【今こそ読みたい 厳選!マガ9アーカイブス】本田由紀さんインタビュー:「戦争のできる国」に向かう流れに飲み込まれないために(2017年8月2日公開記事)

2005年3月にスタートした「マガジン9」。たくさんの人に支えられ、こつこつ週1回の更新を続けているうちに、今年でなんと15周年を迎えました。
この15年間、コラムやインタビュー、対談などの記事を通じて、本当にさまざまな方たちのお話をうかがうことができました。その蓄積をただ眠らせておくのはもったいない! というわけで、過去の「マガジン9」掲載記事の中から、スタッフが厳選した「今だからこそ読みたい」コンテンツを再掲していきます。掲載当時とは状況などが変わっているところもありますが、今の状況との共通点に気づかされたり、新たな視点が見えてきたりすることも。未読の方も再読の方も、改めて、ぜひ読んでみてください。
※記事の内容、プロフィールなどは公開当時のものです。このシリーズは不定期で更新していきます。
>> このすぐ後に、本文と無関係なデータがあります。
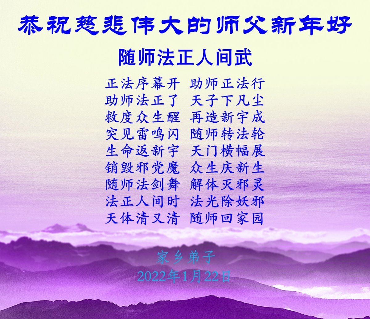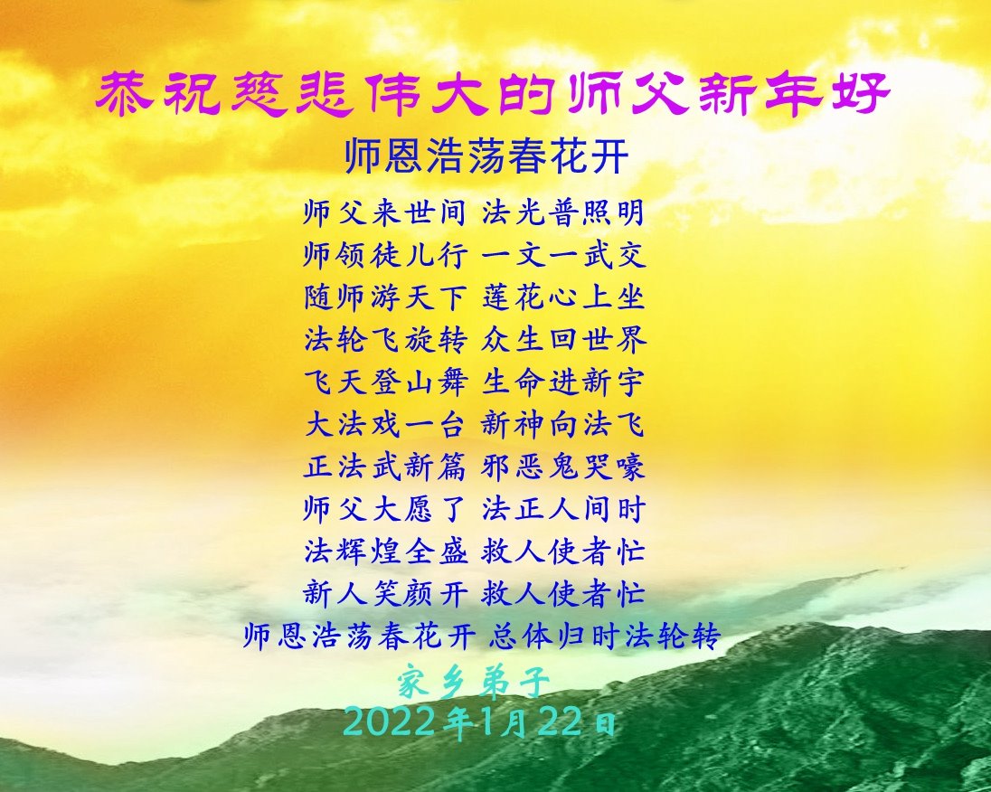 【明慧网二零二二年二月三日】 大陆大法弟子九十人双手合十恭祝慈悲伟大的师尊新年快乐!
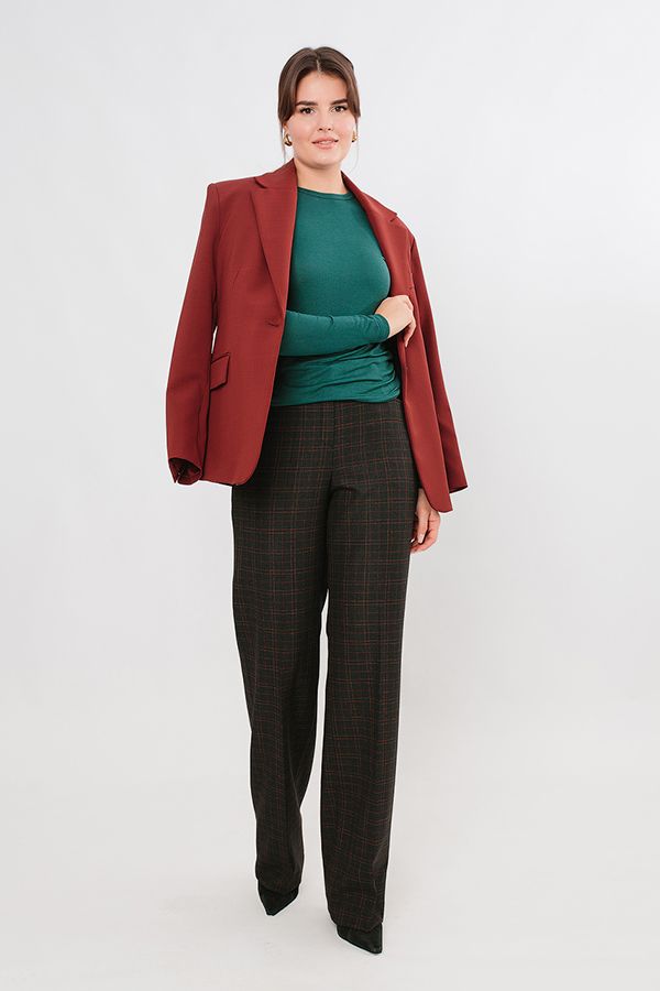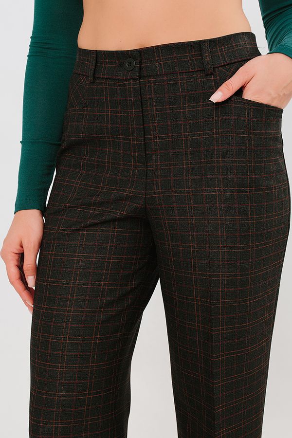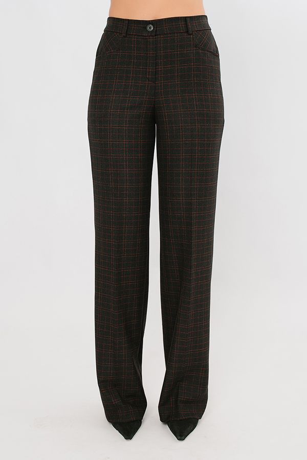 Элегантные брюки в полной длине со стрелками из костюмной ткани в клетку. Детали: спереди застежка на молнию и пуговицу, оригинальные карманы с горизонтальным входом, по спинке в поясе резина на сборке , на поясе шлевки. Длина по внутреннему шву - 87 см. Ширина по линии низа: 25,5 см. *Числовые параметры соответствуют размеру 44. Размер модели на фото: 44. Параметры модели: 86-63-94. Рост модели на фото: 173 см.

 新型コロナウイルスの感染拡大に伴う緊急事態宣言が7都府県に出されてから2週間あまり。先が見えない息苦しい雰囲気が社会を覆う中、SNSなどでしばしば見聞きする言説があります。
 「今は大変なときなんだから、政府批判は置いておいて力を合わせて頑張るべきだ」。
 大きな影響力があるであろう著名人までがそんな感じの書き込みをしているのを見て、重苦しい気持ちになりました。大変なときだからこそ、おかしいことはおかしいと声をあげて、よりよい方策を探っていくべきではないのか、と思います。
 そんなことを考えていて思い出したのが、下記の社会学者・本田由紀さんへのインタビュー。〈「上から言われたこと」をそのまま受け入れる、従順な人材〉の育成が進められる教育現場の現状についてお話しいただいた後、本田さんはこう締めくくられました。多くの人が毎日の生活にいっぱいいっぱいの今だからこそ、時々思い起こしておきたい言葉だと思います。

政府・政治家の言動に対して、「それはおかしい」「間違っている」と言い続けること、そうできるような姿勢を維持し続けること。「戦争」や全体主義に向かうこの流れに飲み込まれないために、それが何よりも不可欠だと思います。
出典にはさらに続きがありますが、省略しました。